DATA UNDER STUDY Block Start
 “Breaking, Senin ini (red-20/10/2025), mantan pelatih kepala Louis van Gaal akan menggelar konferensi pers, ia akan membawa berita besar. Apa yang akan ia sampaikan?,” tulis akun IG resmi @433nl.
DATA UNDER STUDY Block End
DATA UNDER STUDY Block Start
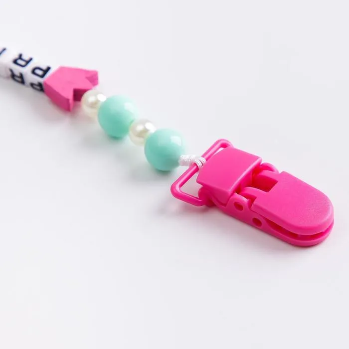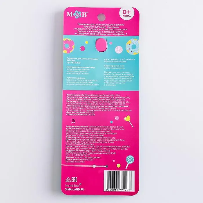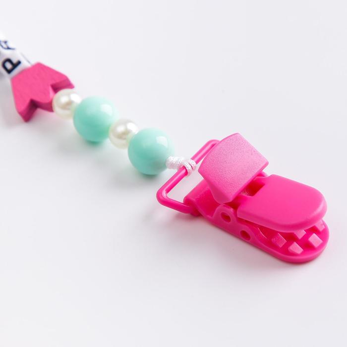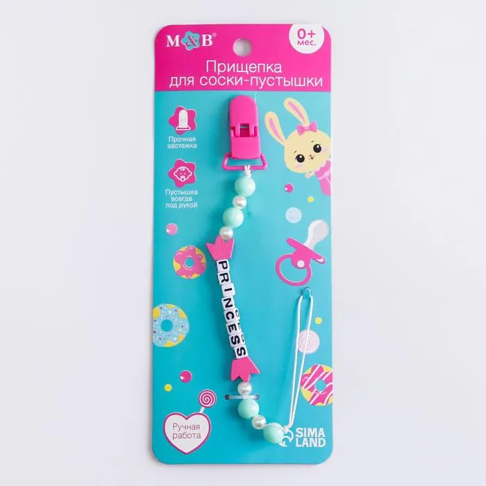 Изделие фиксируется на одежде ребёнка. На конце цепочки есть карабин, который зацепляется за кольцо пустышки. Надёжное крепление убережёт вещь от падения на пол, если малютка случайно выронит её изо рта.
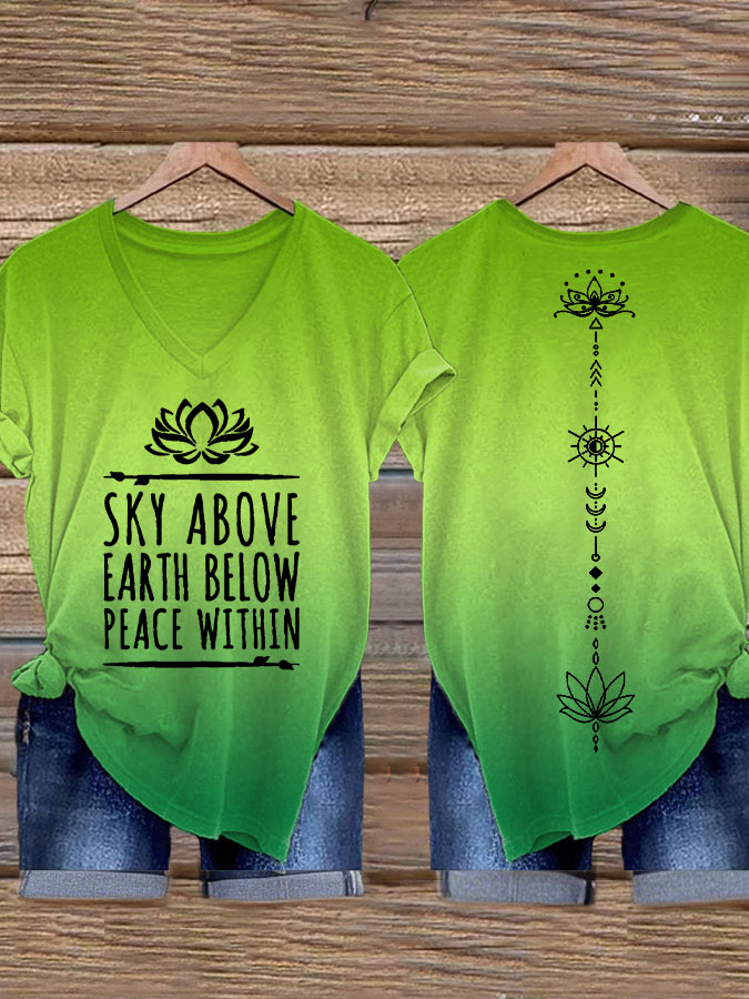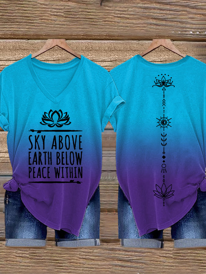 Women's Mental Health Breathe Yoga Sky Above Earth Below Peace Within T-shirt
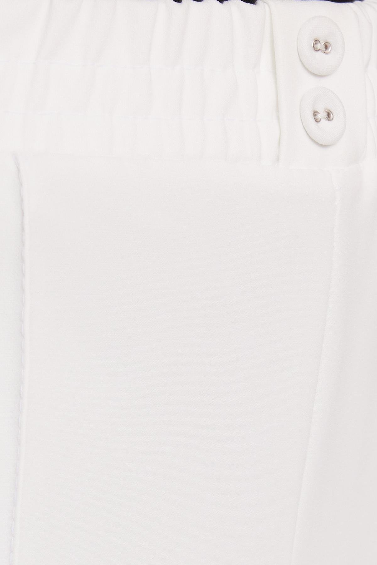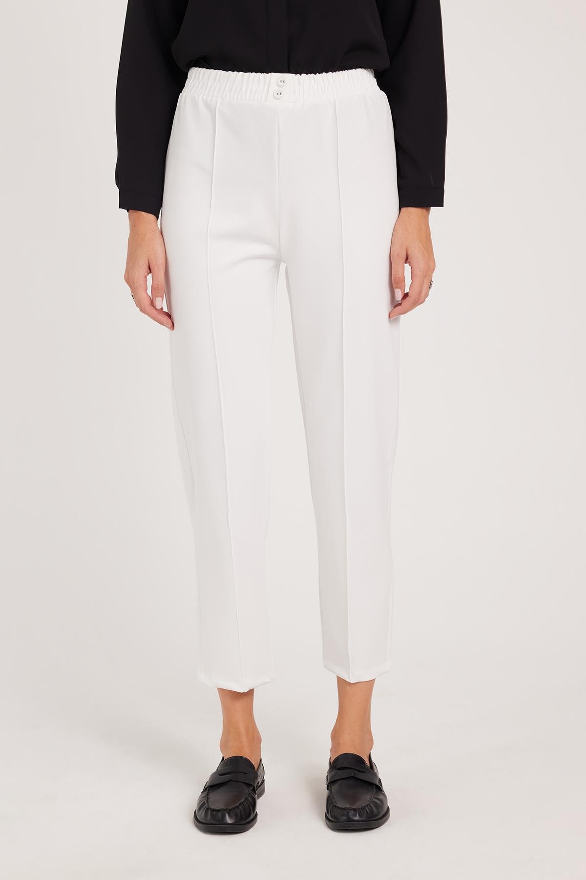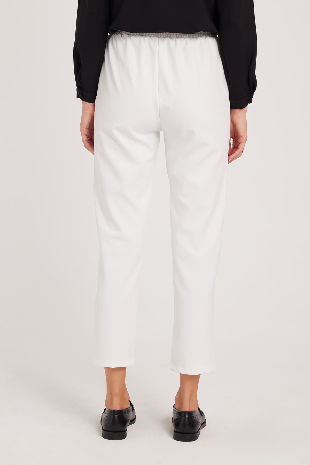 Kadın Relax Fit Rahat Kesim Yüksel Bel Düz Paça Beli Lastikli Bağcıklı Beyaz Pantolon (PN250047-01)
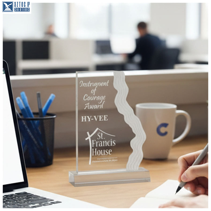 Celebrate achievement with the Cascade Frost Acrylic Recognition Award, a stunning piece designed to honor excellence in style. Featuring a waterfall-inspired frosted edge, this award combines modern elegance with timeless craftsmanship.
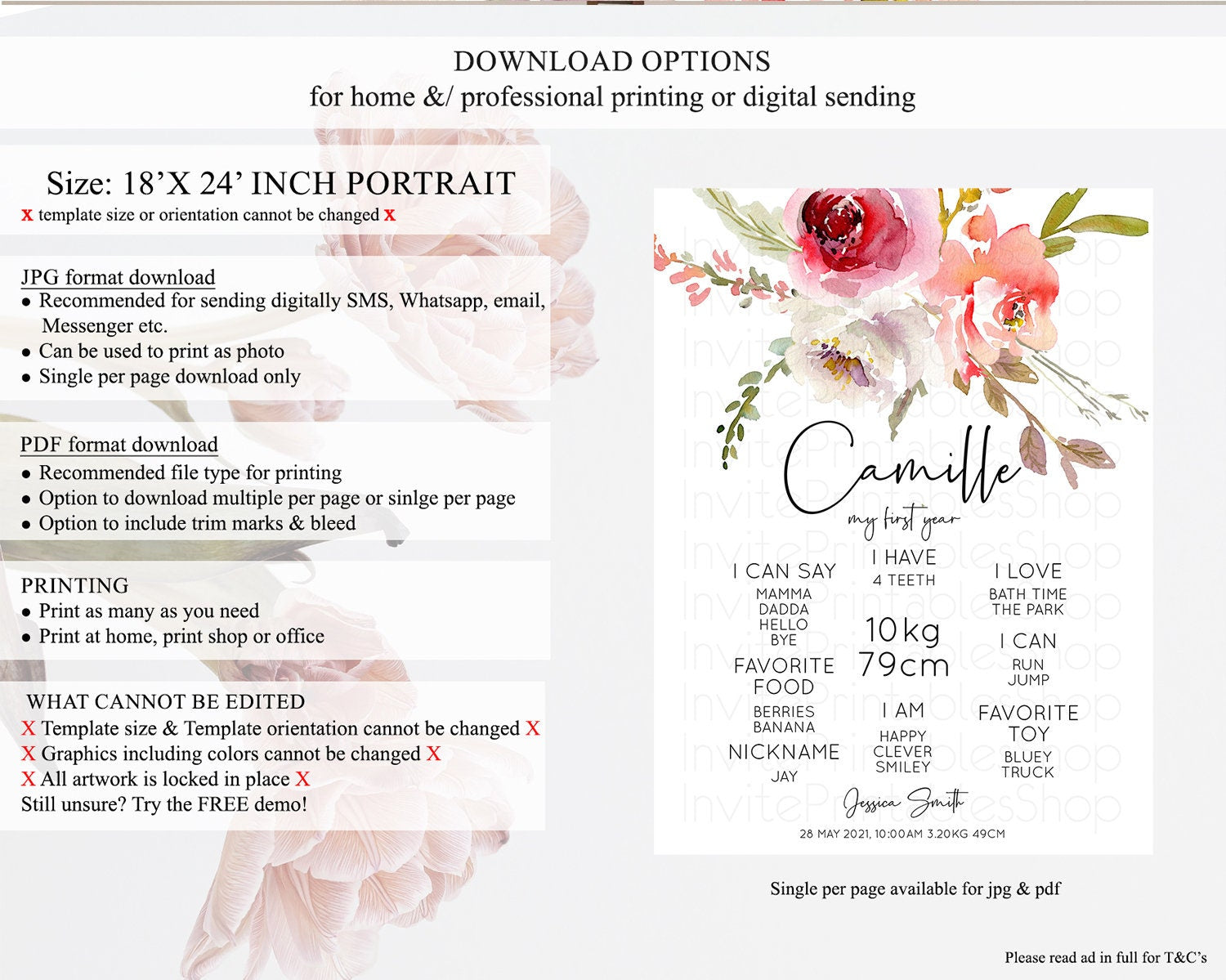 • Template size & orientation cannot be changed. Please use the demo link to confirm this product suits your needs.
DATA UNDER STUDY Block End
**DESCRIPTION OF THE TASK**. Copy the lines above exactly, starting with the line that contains "Kadın Relax Fit" and ending with the line that contains "suits your needs.", and leave out any pictures.

**EXERCISE SOLUTION**.
 Kadın Relax Fit Rahat Kesim Yüksel Bel Düz Paça Beli Lastikli Bağcıklı Beyaz Pantolon (PN250047-01)
 Celebrate achievement with the Cascade Frost Acrylic Recognition Award, a stunning piece designed to honor excellence in style. Featuring a waterfall-inspired frosted edge, this award combines modern elegance with timeless craftsmanship.
 • Template size & orientation cannot be changed. Please use the demo link to confirm this product suits your needs.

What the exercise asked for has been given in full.